6 Krise

Irgendwann ging mir der Zwirn aus. Die musikalische Einsamkeit, die fehlenden Konzerte unterforderten mich und ließen mich stimmtechnisch abbauen. Ich fühlte mich mit meiner Stimme so, als ob ich einen Rolls Royce in der Tasche hätte, für den ich keine Verwendung hab. Auf die Opernbühne geh ich nicht mehr. Also für was dann das Ganze? Wozu Üben? Wohin mich entwickeln?
Das Einzige, was mich immer wieder stoßweise ans Üben brachte, war ein gewisses Pflichtgefühl meiner Vergangenheit gegenüber. Wenn ich nicht übe, dann werden die letzten Jahre so sinnlos. Dann müsste ich mir eingestehn, dass alles, was ich die Jahre gemacht habe, für mein heutiges Leben völlig ohne Bedeutung wäre.
Also hab ich mich immer wieder konfrontiert. Damit, dass mich nichts Frohes, Schönes oder Leichtes zum Üben lockt. Damit, dass ich beim Üben weder ein Konzept noch eine Ahnung hatte, wie es mir Spaß machen könnte. Damit, dass ich unfähig war mit Sackgassen umzugehen und damit, dass ich keinen blassen Schimmer von sinnvollem oder kontinuierlichem Lernen hatte. Da war unglaublich viel Widerstand zu Üben und auch während dem Üben war es energieraubend. Die Welle nach dem Studium ist vollkommen abgeklungen und aus mir heraus konnte ich keine neue erzeugen, denn es war nichts in mir, was Kraft dafür hätte schöpfen können. Woraus Kraft schöpfen? Aus den vielen Stunden den Pflichtgefühls, das für mich mit Üben und Musik verbunden ist? Aus den Stimmen in meinem Kopf? Aus den fehlenden Erwartungshaltungen?

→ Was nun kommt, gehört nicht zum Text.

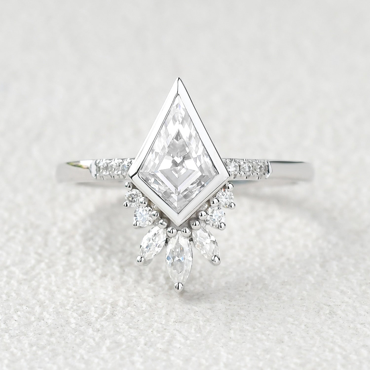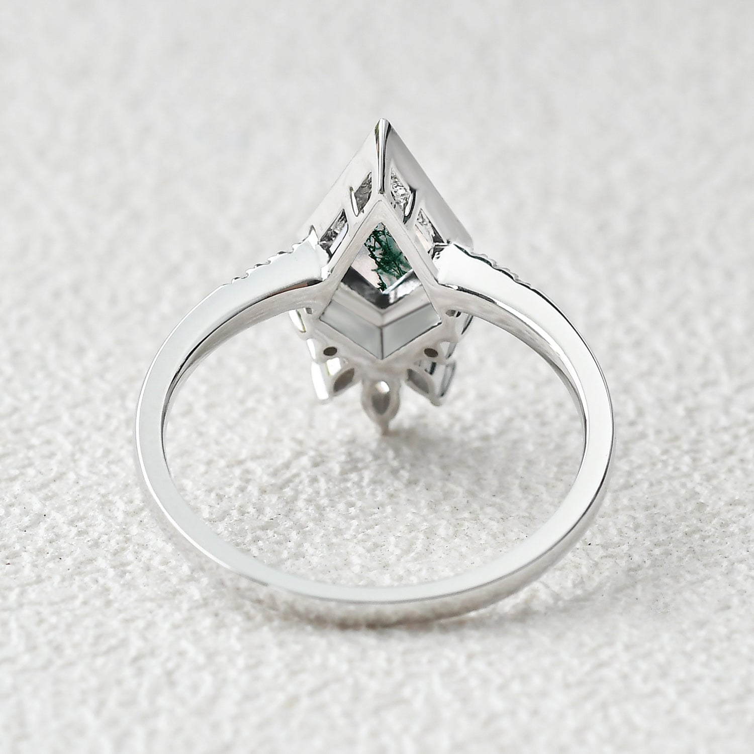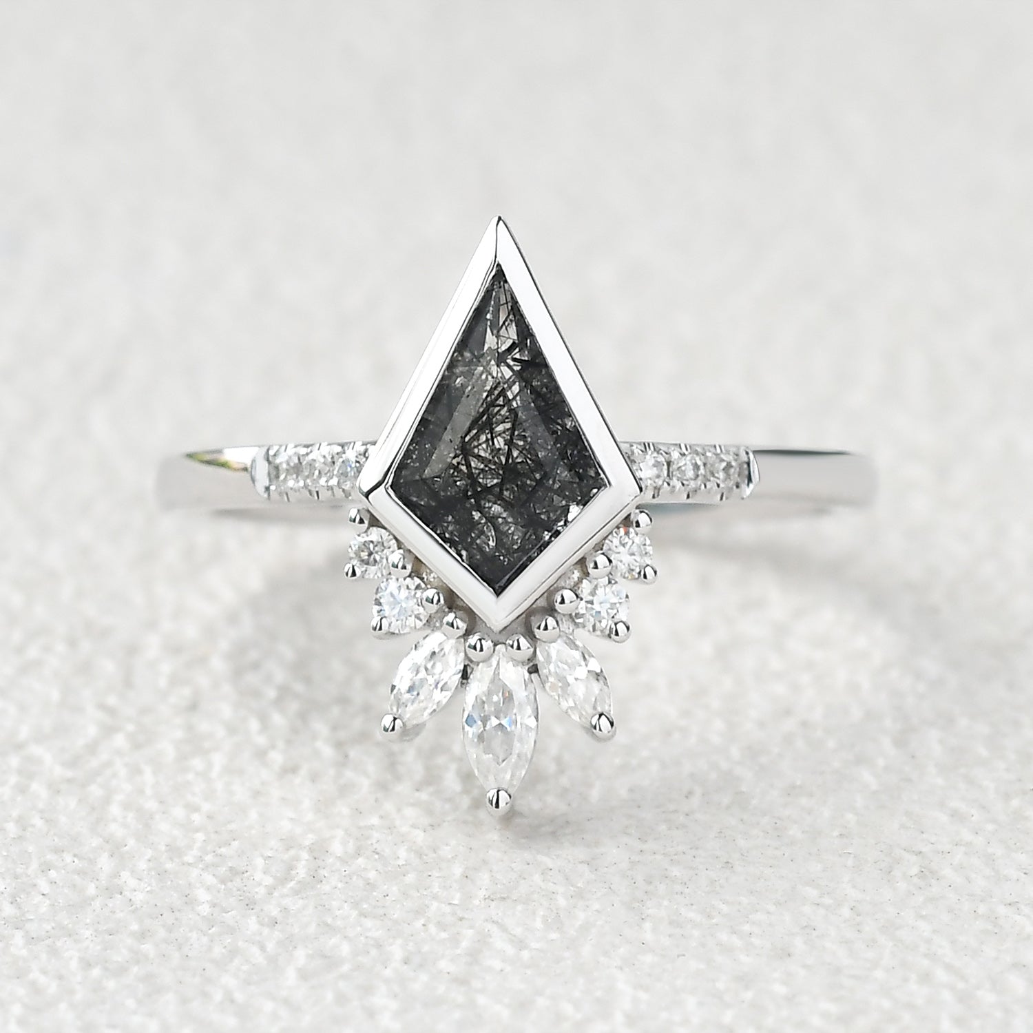 Black Rutilated Quartz Kite Cut Bezel Engagement Ring

Warum hab ich nochmals begonnen zu studieren? Ist das jetzt alles weg? Ich kann mich an Wochen erinnern, wo mich diese Fragen trafen wie Pfeile. Mein Herz war richtig schwer und Existenzängste waren meine Begleiter. Wenn ich den Spirit meines Berufes nicht spüren kann, warum mach ich das dann überhaupt? Ich war knallehrlich zu mir ohne Rücksicht auf die Schritte, die auf bestimmte Erkenntnisse folgen müssten oder die Leere, die mich manchmal verzehrte und durch meine Fragen noch größer wurde. In dieser Zeit weinte ich viel und funktionierte nur. In die Arbeit gehen war dann sowas wie Pause machen von meiner Ehrlichkeit. Einfach nur mal was abspulen dürfen. Und auch das misslang allzu oft, weil ich diese Leere ja überallhin mitnahm. Und wieder nicht gut unterrichtet. Und wieder….
Ich warf die Musik gedanklich weit von mir. Wenn ich nicht spüren konnte, warum ich Musikerin bin, dann wollte ich keine sein. Ich hab schon einmal eine weitreichende Entscheidung für mein Leben getroffen. Das kann ich auch ein zweites Mal tun. Ich durchforstete das Internet zu den Themen Tierpflegerin und Meeresbiologie. Vielleicht sollte ich einfach komplett neu beginnen.
Was ist wirklich meins? Was will ich auf der Welt erleben, was will ich gerne machen? Musik, dich werf ich weg, denn ich kann dich nicht erfüllen, wenn ich nicht erfüllt bin. Ob du jemals zu mir zurückkommst?